* [ASSIGNED TASK]: Find the line that holds "NH-SICHERUNGSUNTERTEIL GR.1, 3POLIG", then repeat it and each line below it word for word through the end of the listing, leaving out pictures.

* [RECORDS PROVIDED]:
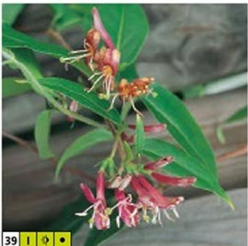
39 I 🌿 🌿
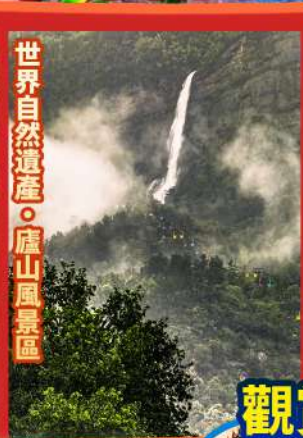
世界自然遺產·廬山風景區
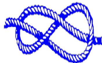
NUDO EN FORMA DE OCHO

Es un nudo sencillo y muy seguro, ya que no se deshace fácilmente. Es emplea para rematar provisionalmente la punta de una cuerda evitando que ésta se deshaga.
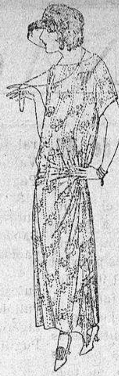
Vestidos de voile, di- bujos moda, adornos plizados, broches fan- tasía. a ptas. 62.
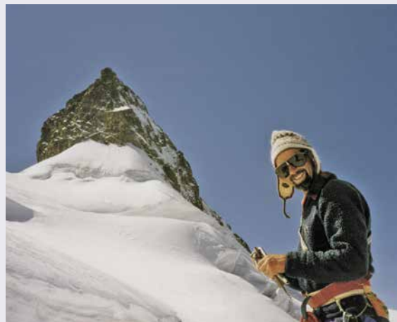
Guide sur le chemin de la Haute-Route.

L'exploit pour être connu ou reconnu ne m'a jamais tenté. Mais la montagne a fait éclore en moi le désir... du désert, cet endroit dépouillé de tout, espace de solitude et de conditions extrêmes qui anni-
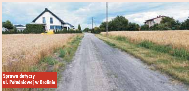
Sprawa dotyczy ul. Południowej w Bralinie

Czytelnicy Biblioteki Publicznej w Bralinie, seniorzy Klubu Senior+ w Bralinie oraz młodzież ze Szkolnego Koła Krajoznawczo-Turystycznego przy Szkole Podstawowej im. Mikołaja Kopernika w Bralinie wzięli udział w wycieczce do Wadowic
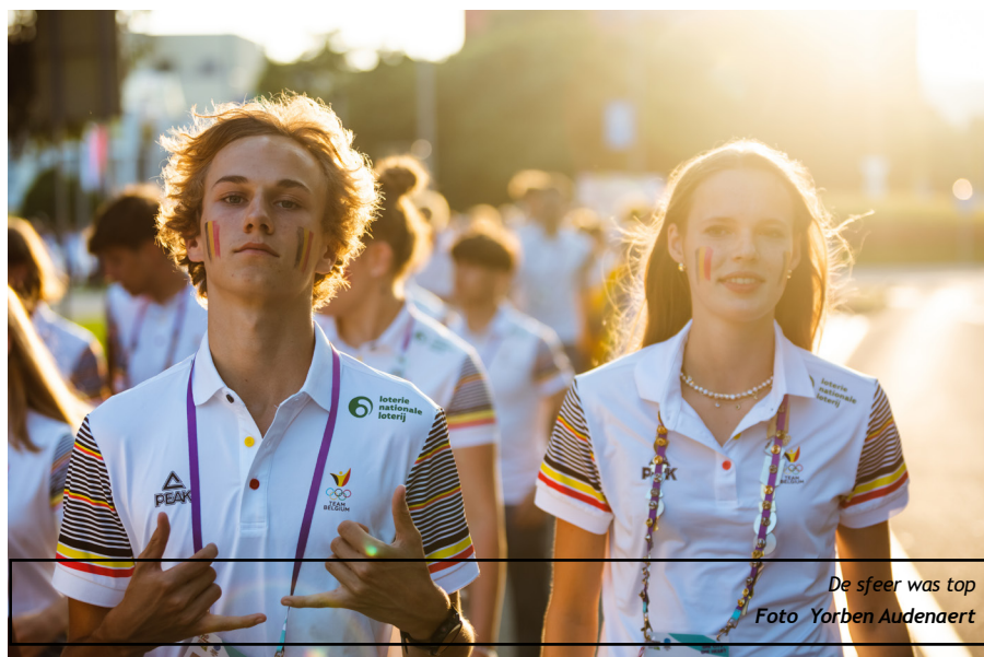
De sfeer was top

twee keer een persoonlijk record gegooid. Dat had ik zelf niet helemaal verwacht. In de finale kwam er niet echt de prestatie uit waarop ik had gehoopt. De stress speelde me opnieuw wat parten. Maar ik was wel blij dat ik in de finale stond. Ik heb nog geprobeerd om opnieuw een PR te gooien, maar dat is niet gelukt. Het was nog maar mijn eerste internationale kampioenschap. Ik kijk vooral uit naar de volgende kampioenschappen."
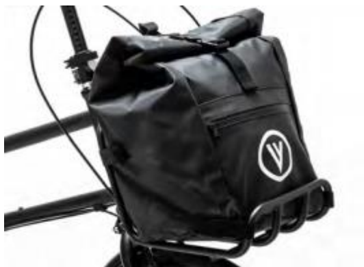
VELLO 貨架包 黑色

實用的前貨架，配有快速安裝裝置（可拆卸）。行李架不會影響 VELLO bike 的折疊和轉向。最多可承重 10 公斤。
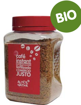
Café liofilizado descafeinado cod. 008029K pet 100g

Café elegante, suave y de agradable fragancia. Descafeinado sin utilizar productos químicos agresivos para el medio ambiente y las personas. Mantiene intactas las mejores cualidades de los grandes cafés.
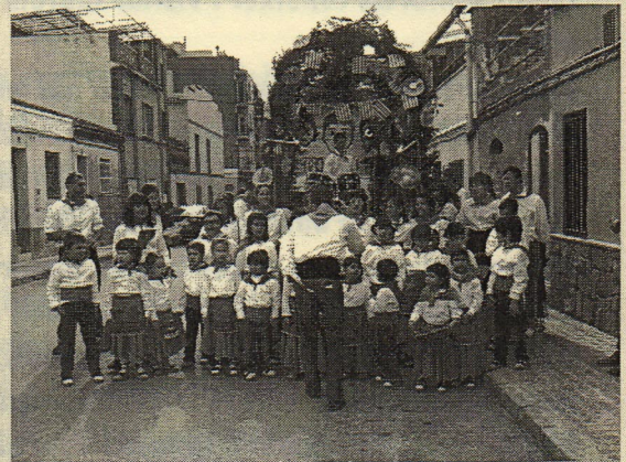
Caramelles a Sant Vicenç de Castellet
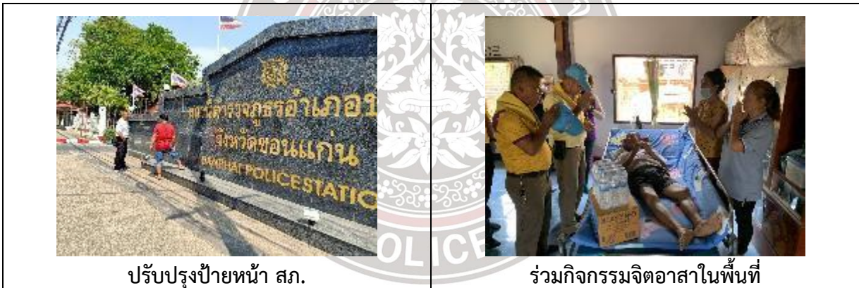
ปรับปรุงป้ายหน้า สภ.
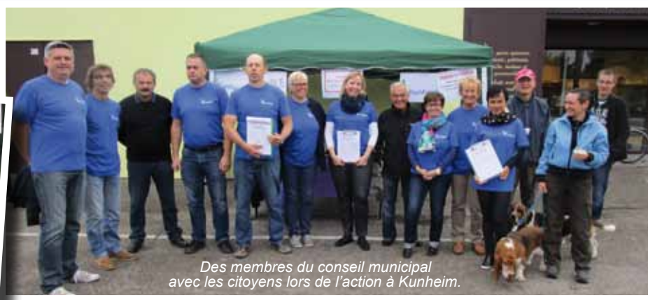
Des membres du conseil municipal avec les citoyens lors de l'action à Kunheim.
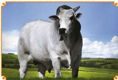
BHAN LEI NJOP (PAI)
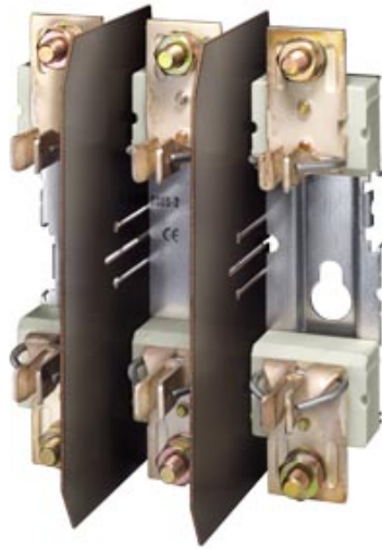
NH-SICHERUNGSUNTERTEIL GR.1, 3POLIG 250A 690V FLACHANSCHLUSS
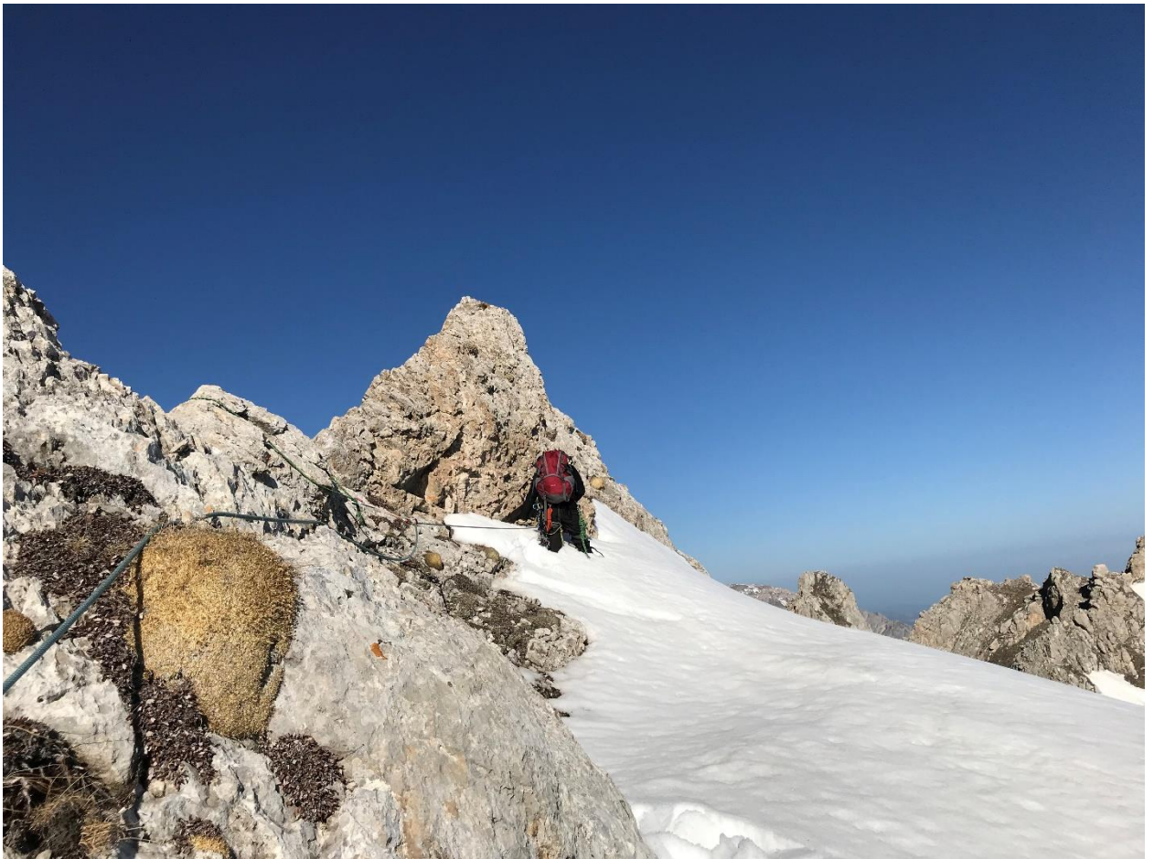
Фото 4. Начало маршрута.

Через 160 метров провал в гребне, дюльфер (10 метров). Место для дюльфера удобное. После дюльфера подъем на разрушенный жандарм. С жандарма лазанием вниз в небольшой провал в гребне. Страховка, камнеопасно! Далее движение по гребню одновременно, страхуясь за выступы, до взлета гребня, который преодолевается по полке с правой стороны и затем по внутреннему углу, выводящему вверх на гребень. Для страховки было использовано 2 закладных элемента. Далее по простому гребню до вершины Новичок. От дюльфера до вершины 250 метров. На вершине тур.

* [EXERCISE SOLUTION]:
NH-SICHERUNGSUNTERTEIL GR.1, 3POLIG 250A 690V FLACHANSCHLUSS
Фото 4. Начало маршрута.

Через 160 метров провал в гребне, дюльфер (10 метров). Место для дюльфера удобное. После дюльфера подъем на разрушенный жандарм. С жандарма лазанием вниз в небольшой провал в гребне. Страховка, камнеопасно! Далее движение по гребню одновременно, страхуясь за выступы, до взлета гребня, который преодолевается по полке с правой стороны и затем по внутреннему углу, выводящему вверх на гребень. Для страховки было использовано 2 закладных элемента. Далее по простому гребню до вершины Новичок. От дюльфера до вершины 250 метров. На вершине тур.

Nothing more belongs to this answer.